I have designed and evaluated a set of protocols that implement a
scalable P2P desktop grid computing system for executing Grid
applications on widely distributed sets of resources. Such
infrastructure must be decentralized, robust, highly available and
scalable, while effectively mapping application instances to available
resources throughout the system (called matchmaking).

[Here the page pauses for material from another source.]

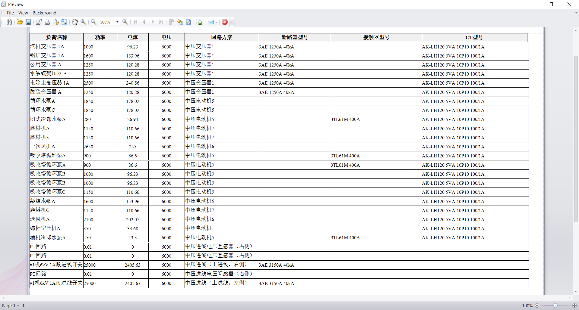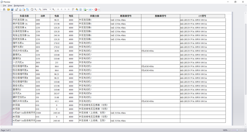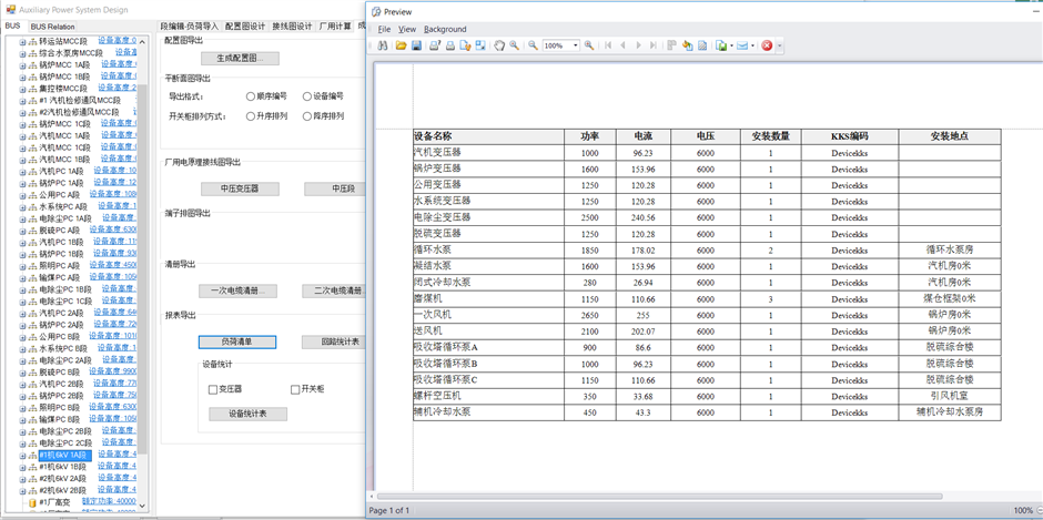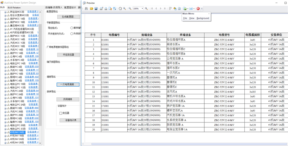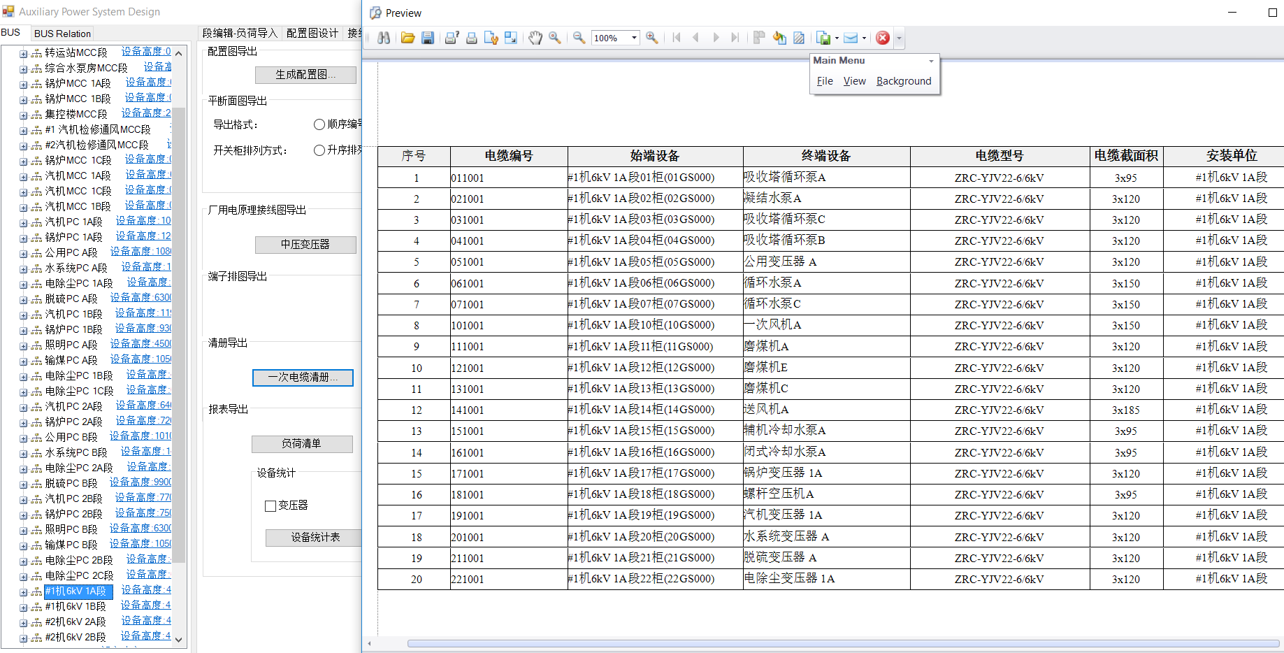 生成一次电缆清册需切换图纸至该段配置图。如选中#1机6Kv 1A段,切换图纸至#1机6Kv 1A段配置图中,点击一次电缆清册,则该报表为#1机6Kv 1A段下所有电缆统计。

First of all, I address the problem of efficient matchmaking of jobs
to available system resources by employing customized
Content-Addressable Network (CAN) where each resource type corresponds
to a distinct dimension. With this approach, incoming jobs are matched
with system nodes through proximity in an N-dimensional resource
space. Second, I provide comprehensive load balancing mechanisms that
can greatly improve overall system throughput and response time
without using any centralized control or information about the
system. Finally, to remove any hot spots in the system where a small
number of nodes are processing a lot of system maintenance work, I
have designed a set of optimizations to minimize overall system
overheads and distribute them fairly among available system nodes. My
ultimate goal is to ensure that no node in the system becomes much
more heavily loaded than others, either because of executing jobs or
from system maintenance tasks. This is because every node in our
system is a peer, so that no node is acting as a pure server or a pure
client.
Throughout extensive experimental results, I show that the resulting
P2P desktop grid computing system is scalable and effective so that it
can efficiently match any type of resource requirements for jobs
simultaneously, while balancing load among multiple candidate nodes.